**WORKING DATA:**
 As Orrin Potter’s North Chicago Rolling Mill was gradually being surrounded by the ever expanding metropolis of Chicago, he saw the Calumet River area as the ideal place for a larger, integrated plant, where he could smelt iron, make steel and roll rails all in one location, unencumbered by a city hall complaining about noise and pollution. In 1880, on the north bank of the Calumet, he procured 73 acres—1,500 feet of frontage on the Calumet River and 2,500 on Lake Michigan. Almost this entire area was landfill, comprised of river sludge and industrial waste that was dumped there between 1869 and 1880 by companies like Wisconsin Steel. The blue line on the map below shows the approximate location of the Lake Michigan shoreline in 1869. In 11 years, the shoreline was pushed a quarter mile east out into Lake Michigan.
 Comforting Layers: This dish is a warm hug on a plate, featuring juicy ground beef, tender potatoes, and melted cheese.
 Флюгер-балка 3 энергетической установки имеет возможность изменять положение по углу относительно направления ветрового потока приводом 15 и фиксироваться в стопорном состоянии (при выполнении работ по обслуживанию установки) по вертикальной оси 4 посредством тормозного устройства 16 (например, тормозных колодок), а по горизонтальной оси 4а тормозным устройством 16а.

...

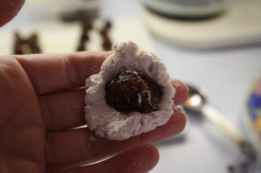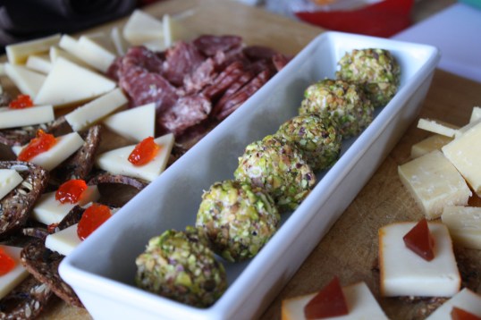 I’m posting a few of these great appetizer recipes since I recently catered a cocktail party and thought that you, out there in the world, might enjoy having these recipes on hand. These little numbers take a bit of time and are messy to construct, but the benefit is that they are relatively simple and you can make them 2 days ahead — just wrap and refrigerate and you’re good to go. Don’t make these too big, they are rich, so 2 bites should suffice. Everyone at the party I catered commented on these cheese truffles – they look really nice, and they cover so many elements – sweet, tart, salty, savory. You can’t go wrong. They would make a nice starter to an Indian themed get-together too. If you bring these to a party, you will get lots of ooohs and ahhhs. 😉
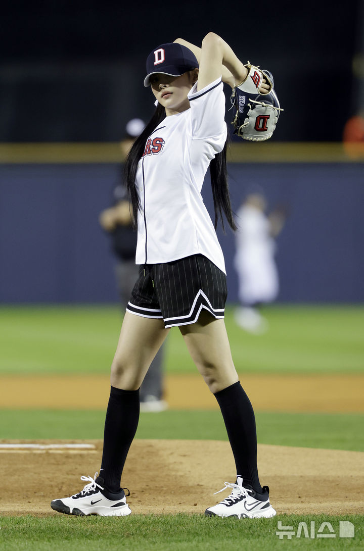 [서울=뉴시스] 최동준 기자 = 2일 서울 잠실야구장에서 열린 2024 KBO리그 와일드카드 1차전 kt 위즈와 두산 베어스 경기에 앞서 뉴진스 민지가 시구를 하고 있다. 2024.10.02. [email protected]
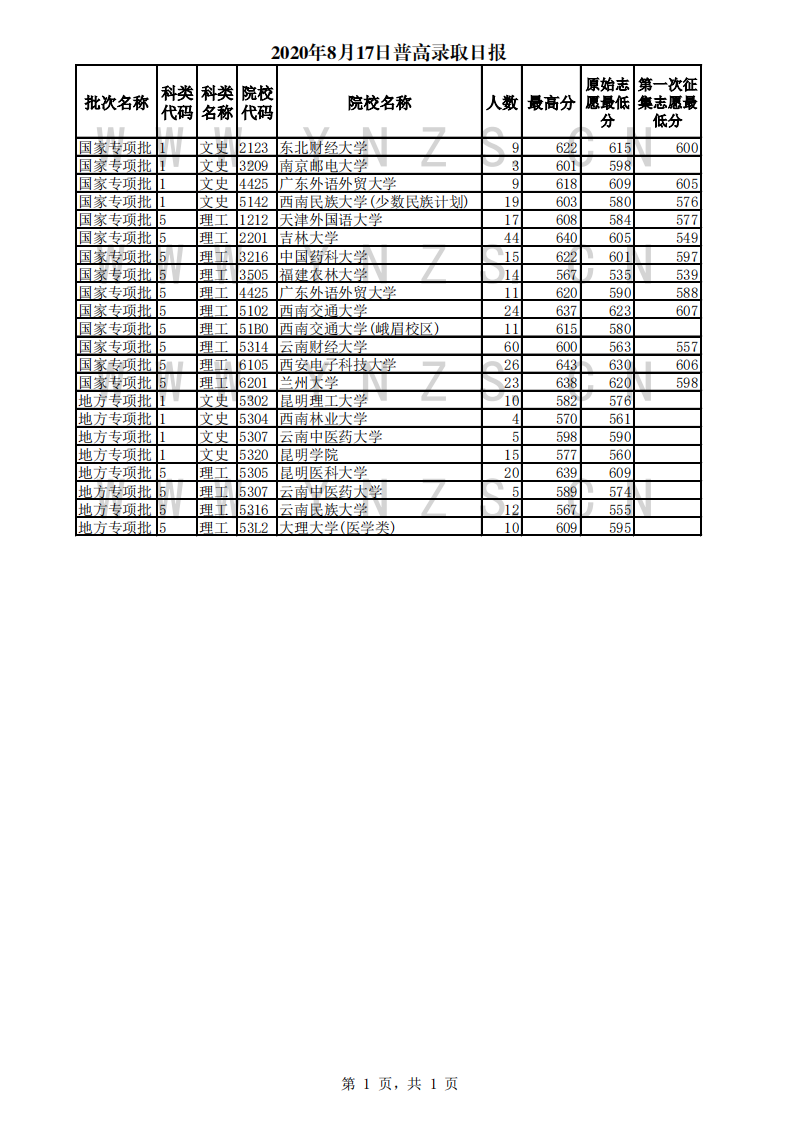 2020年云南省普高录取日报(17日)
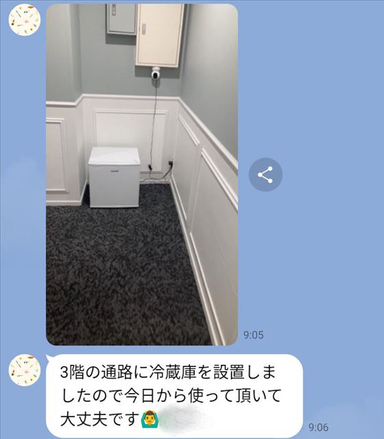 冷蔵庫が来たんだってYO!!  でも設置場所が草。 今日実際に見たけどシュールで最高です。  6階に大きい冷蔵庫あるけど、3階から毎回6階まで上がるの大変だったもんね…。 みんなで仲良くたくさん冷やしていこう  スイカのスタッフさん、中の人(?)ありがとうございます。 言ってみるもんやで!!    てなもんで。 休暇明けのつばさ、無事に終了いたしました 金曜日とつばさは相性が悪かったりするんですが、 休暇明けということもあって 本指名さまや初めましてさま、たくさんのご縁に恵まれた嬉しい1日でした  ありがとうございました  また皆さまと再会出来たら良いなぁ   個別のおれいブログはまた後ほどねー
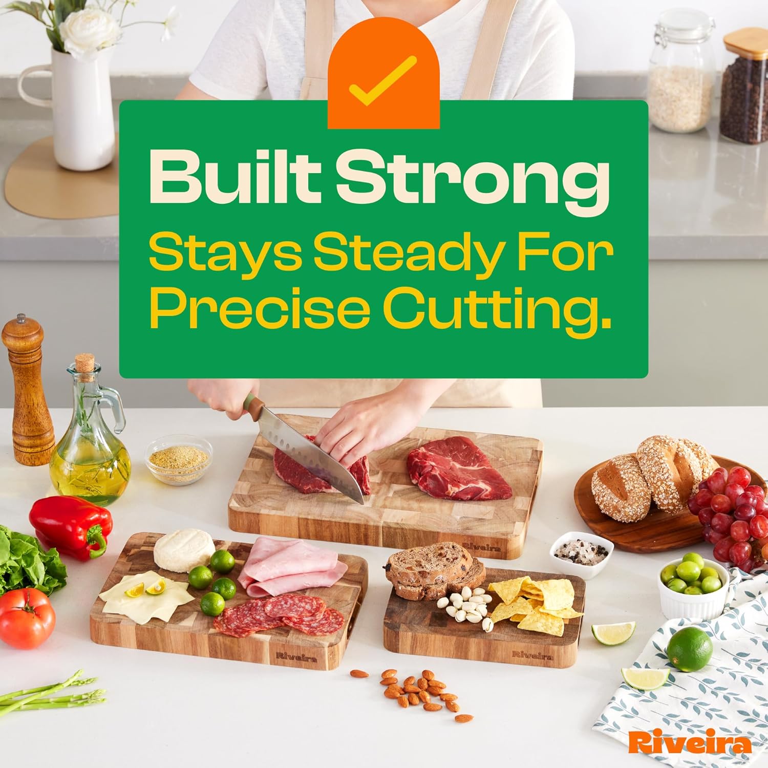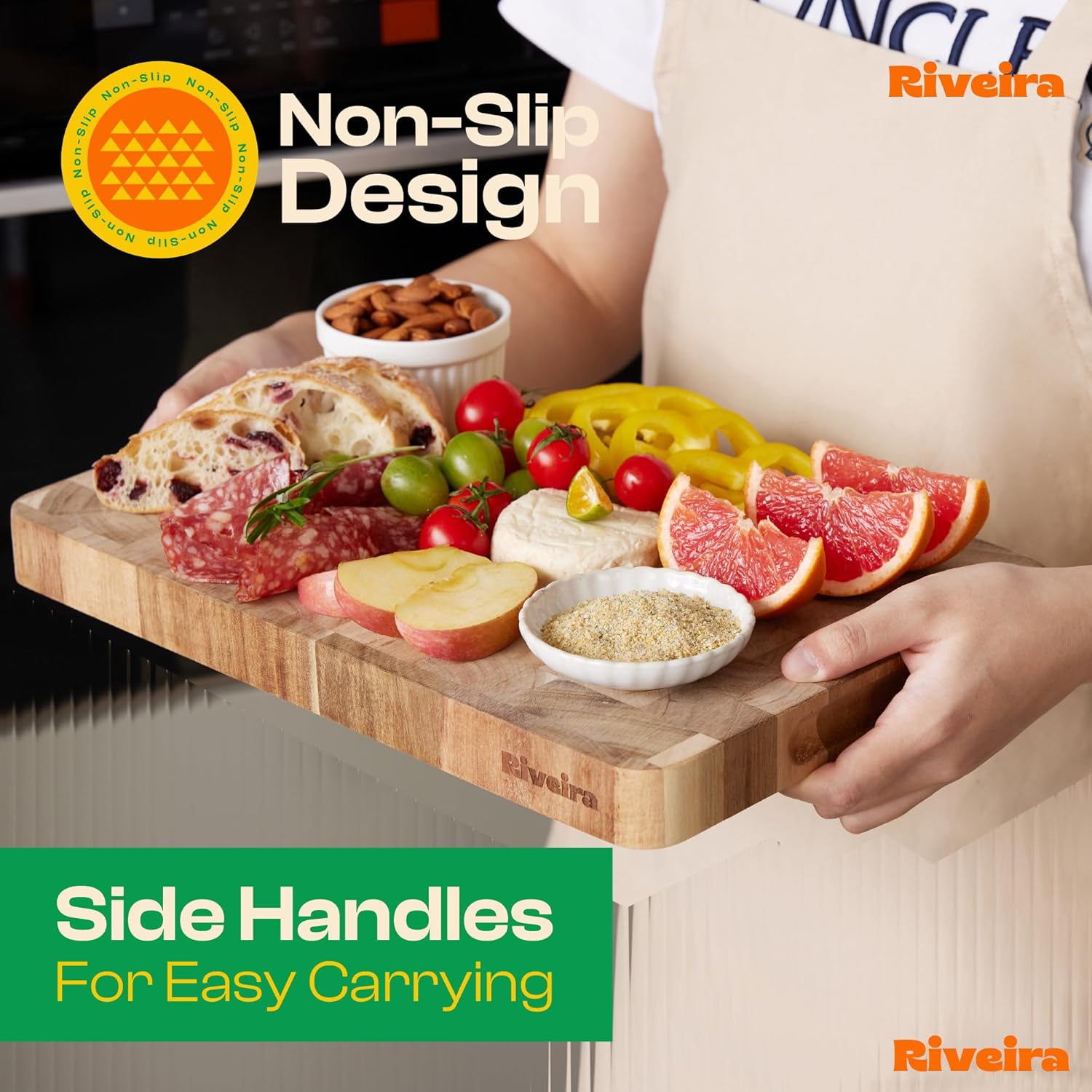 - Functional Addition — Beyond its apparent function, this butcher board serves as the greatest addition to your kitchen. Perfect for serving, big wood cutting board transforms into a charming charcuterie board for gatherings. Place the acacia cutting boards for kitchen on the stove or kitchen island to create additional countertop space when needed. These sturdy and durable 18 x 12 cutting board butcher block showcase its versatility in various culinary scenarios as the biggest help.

**TASK STATEMENT:**
Output exactly those lines of the data above that run from the line with "I’m posting a" up to and including the line with "[서울=뉴시스] 최동준 기자". No pictures go in.

**ANSWER TO THIS TASK:**
 I’m posting a few of these great appetizer recipes since I recently catered a cocktail party and thought that you, out there in the world, might enjoy having these recipes on hand. These little numbers take a bit of time and are messy to construct, but the benefit is that they are relatively simple and you can make them 2 days ahead — just wrap and refrigerate and you’re good to go. Don’t make these too big, they are rich, so 2 bites should suffice. Everyone at the party I catered commented on these cheese truffles – they look really nice, and they cover so many elements – sweet, tart, salty, savory. You can’t go wrong. They would make a nice starter to an Indian themed get-together too. If you bring these to a party, you will get lots of ooohs and ahhhs. 😉
 [서울=뉴시스] 최동준 기자 = 2일 서울 잠실야구장에서 열린 2024 KBO리그 와일드카드 1차전 kt 위즈와 두산 베어스 경기에 앞서 뉴진스 민지가 시구를 하고 있다. 2024.10.02. [email protected]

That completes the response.